Department of Information Engineering, University of Padova, via Gradenigo 6/A, Padova, Italy.
BMC Bioinformatics. 2018 Nov 30;19(Suppl 15):441. doi: 10.1186/s12859-018-2415-8.
Spaced-seeds, i.e. patterns in which some fixed positions are allowed to be wild-cards, play a crucial role in several bioinformatics applications involving substrings counting and indexing, by often providing better sensitivity with respect to k-mers based approaches. K-mers based approaches are usually fast, being based on efficient hashing and indexing that exploits the large overlap between consecutive k-mers. Spaced-seeds hashing is not as straightforward, and it is usually computed from scratch for each position in the input sequence. Recently, the FSH (Fast Spaced seed Hashing) approach was proposed to improve the time required for computation of the spaced seed hashing of DNA sequences with a speed-up of about 1.5 with respect to standard hashing computation.
In this work we propose a novel algorithm, Fast Indexing for Spaced seed Hashing (FISH), based on the indexing of small blocks that can be combined to obtain the hashing of spaced-seeds of any length. The method exploits the fast computation of the hashing of runs of consecutive 1 in the spaced seeds, that basically correspond to k-mer of the length of the run.

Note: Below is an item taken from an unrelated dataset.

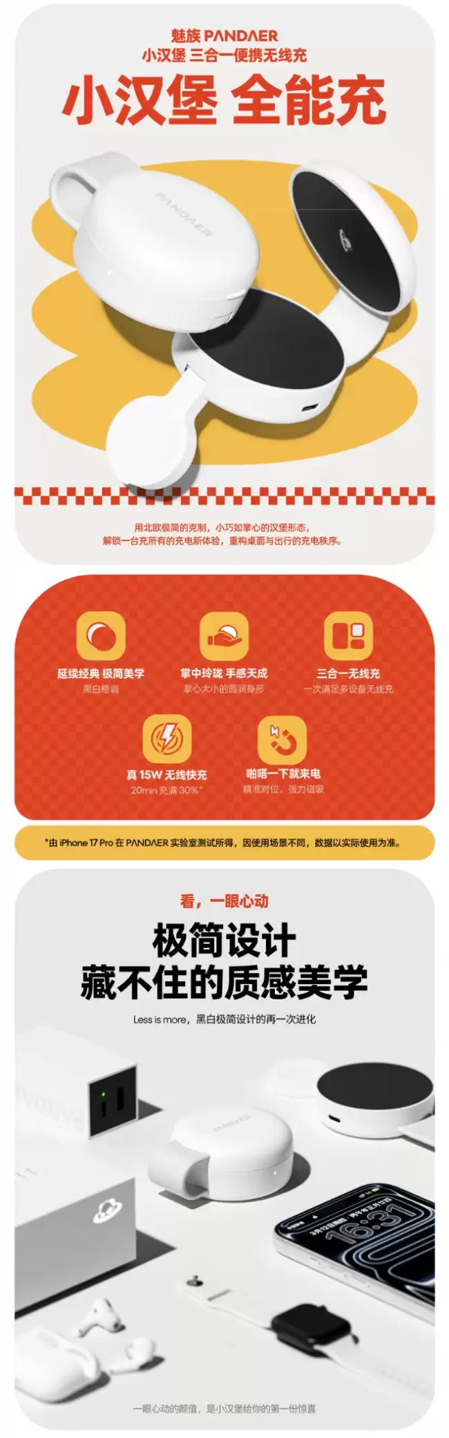 魅族推出 PANDAER 小汉堡三合一便携无线充:支持苹果 iPhone 15W 充电 首发价 189 元

We run several experiments, on NGS data from simulated and synthetic metagenomic experiments, to assess the time required for the computation of the hashing for each position in each read with respect to several spaced seeds. In our experiments, FISH can compute the hashing values of spaced seeds with a speedup, with respect to the traditional approach, between 1.9x to 6.03x, depending on the structure of the spaced seeds.
间隔种子(即某些固定位置允许使用通配符的模式)在涉及子串计数和索引的几个生物信息学应用中起着至关重要的作用,通常相对于基于 k-mer 的方法提供更好的敏感性。基于 k-mer 的方法通常很快,因为它们基于利用连续 k-mer 之间的大量重叠的高效哈希和索引。间隔种子哈希并不那么直接,通常需要为输入序列中的每个位置从头开始计算。最近,提出了 FSH(Fast Spaced seed Hashing)方法来提高计算 DNA 序列间隔种子哈希的时间,相对于标准哈希计算,速度提高了约 1.5 倍。
在这项工作中,我们提出了一种新的算法,即间隔种子哈希的快速索引(Fast Indexing for Spaced seed Hashing,FISH),该算法基于可以组合以获得任意长度间隔种子哈希的小块索引。该方法利用间隔种子中连续 1 位的哈希快速计算,这些位基本上对应于长度为该位的 k-mer。
我们在模拟和合成宏基因组实验的 NGS 数据上进行了多次实验,以评估相对于几种间隔种子计算每个读取中每个位置的哈希计算所需的时间。在我们的实验中,FISH 可以相对于传统方法提供 1.9x 到 6.03x 的加速,具体取决于间隔种子的结构。